Care is often shared: an orthopaedic knee surgeon typically leads on procedure choice, while a physiotherapist guides the month-by-month rehab plan; in some pathways a sports-medicine doctor contributes to diagnosis and non-operative options.

Directory tools such as Search MSK are best treated as an optional step—use them to find UK clinicians by region and by treatments offered (for example ACI/MACI, single‑stage procedures, osteotomy), then compare like-for-like approaches in consultation. Not every hospital offers every technique; being declined for one option can still leave a clear pathway for symptom control, joint preservation, or (where appropriate) knee replacement.

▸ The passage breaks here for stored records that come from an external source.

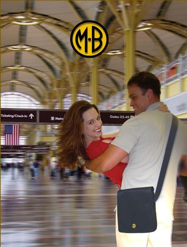 The US companies that were represented tend to go out of their way to break down the “perceived anti-manly” phobia….labeling the bags stupid names like “Manbag”, and so forth. I found an amusing analysis of one of these companies’ marketing cues on one website. [update: see image right, from Man-n-Bag. Their slogan is “If it’s not a Man-n-Bag, it’s a purse!”] (Can’t find the link to the analysis now.) On the one hand they have the picture of the guy with the bag, but then they compensate by having him in the arms of some tall blonde female who is not into him because of his love of musical theatre (not that there’s anything wrong with that), and even an American flag features in the same picture as though to reassure the potential buyer that if he carries a handbag he’s not effeminate, gay, or (shock horror) French. (Not that there’s anything wrong with any of those.) It’s all very very ridiculous.
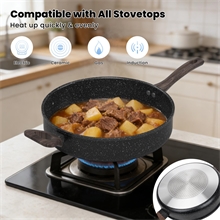 Heat Quickly and Evenly The enlarged induction base of our non stick frying pan facilitates quick and even heat distribution. No more waiting, as you'll achieve better cooking results in less time. It is safe for all stoves, including induction.
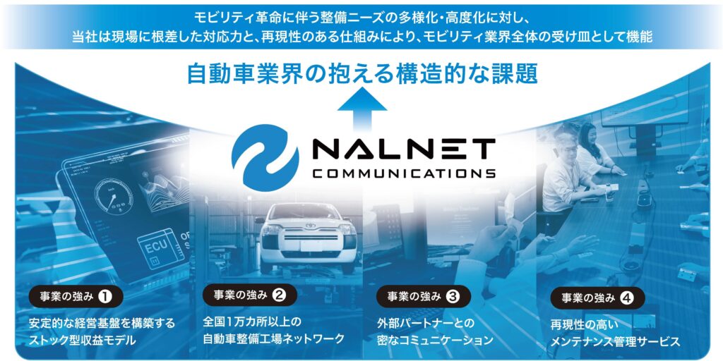 1978年に誕生したナルネットコミュニケーションズは、創業以来一貫してリース車両の管理を手掛け、自動車メンテナンスに関する膨大なデータを蓄積しています。近年は「モビリティ・インフラ カンパニー」を標榜し、EV等次世代車の登場による整備技術の変革、カーシェアリングをはじめとする販売・使用方法の多様化など、“100年に一度”と言われるモビリティ革命に対応するため、現場に根差した対応力と再現性のある仕組みを構築。今回展開する新車検プラットフォームを含め、自動車業界の抱える構造的な課題を解決すべく、今後も様々な新サービスを開発・展開していきます。
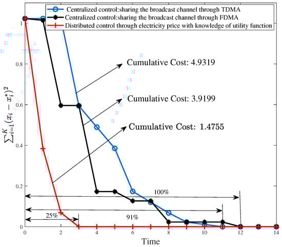 In Figure 8, we compare demand-response performance under different control mechanisms. More specifically, we show the expectation of in the entire process of scheduling signaling transmission. As we can see in Figure 8, compared to centralized control mechanisms, distributed control through electricity price not only exhibits the least cumulative cost 1.4755, but also reduces the cost to 0 fastest, i.e., using 25% of the time of centralized control with FDMA. On other hand, we can also see that the cumulative cost corresponding to centralized control with FDMA is about 3.9199 and smaller than 4.9319 of TDMA. This is consistent with Corollary 4.
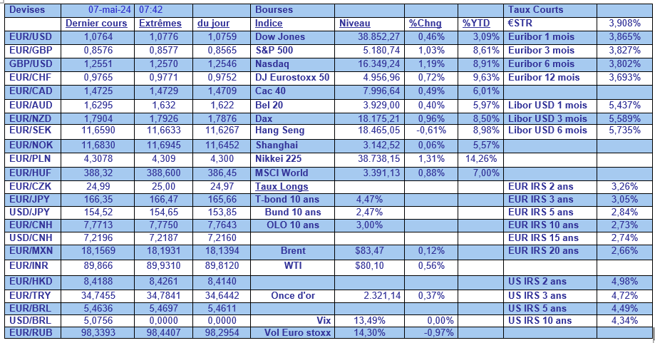 Et le communiqué de conclure, « la trajectoire des taux d’intérêt qui garantira au mieux le retour de l’inflation à l’objectif dans un délai raisonnable reste incertaine et le Conseil n’exclut rien. Le Conseil s’appuiera sur les données et sur l’évolution de l’évaluation des risques ».
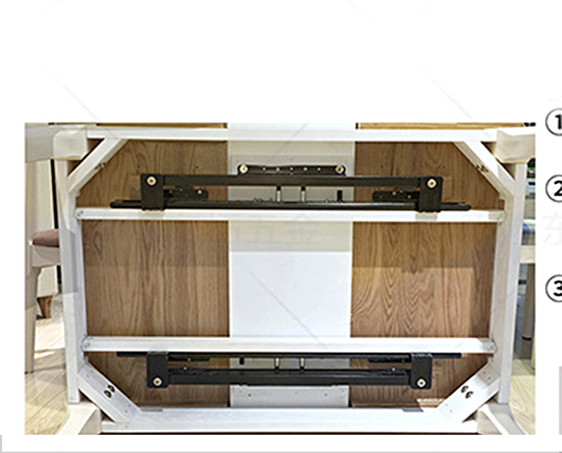 ✅ Cơ chế trượt nâng hạ thông minh: Phần giữa của bàn được nâng lên khi kéo dài bàn, và tự động hạ xuống khi thu ngắn – thao tác linh hoạt, tiện lợi.
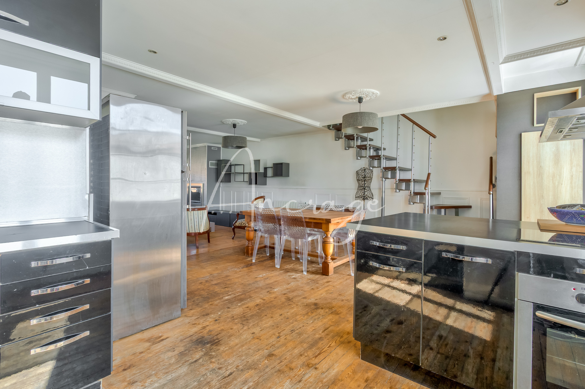 Avec son entrée indépendante sur rue, cet appartement se vit comme une maison de ville et propose au 1er étage, une vaste pièce de vie traversante de plus de 50m² avec une cuisine ouverte, un cellier, une buanderie, des wc séparés, une salle de bain et une chambre.

  1. [1] Treatment of Complex Multiple Lesions in the Knee With MACI (Autologous Cultured Chondrocytes on Porcine Collagen Membrane). (2024). https://doi.org/10.1177/26350254241272105 https://doi.org/10.1177/26350254241272105
  2. [2] Cartilage Defect Treatment Using High-Density Autologous Chondrocyte Implantation (HD-ACI). (2023). https://doi.org/10.3390/bioengineering10091083 https://doi.org/10.3390/bioengineering10091083

Frequently Asked Questions

  • They are usually discussed for symptomatic, localised full-thickness cartilage defects in younger, active adults, especially when the knee is stable, reasonably aligned, and there is no advanced osteoarthritis.
  • ACI and MACI are both two-stage procedures. ACI places cultured cells under a sutured cover, while MACI seeds the cells onto a collagen membrane before implantation, which is generally easier to handle in theatre.
  • Single-stage options collect cells or cell-rich material and place them into the defect during the same operation, usually with a scaffold or biological carrier, so there is no separate lab culture step.
  • MACI was developed to simplify implantation and avoid the periosteal flap used in earlier ACI techniques. It may allow smaller incisions or arthroscopic techniques in some cases.
  • Common concerns include diffuse or advanced osteoarthritis, uncorrected malalignment or instability, smoking, high BMI, and difficulty committing to rehabilitation.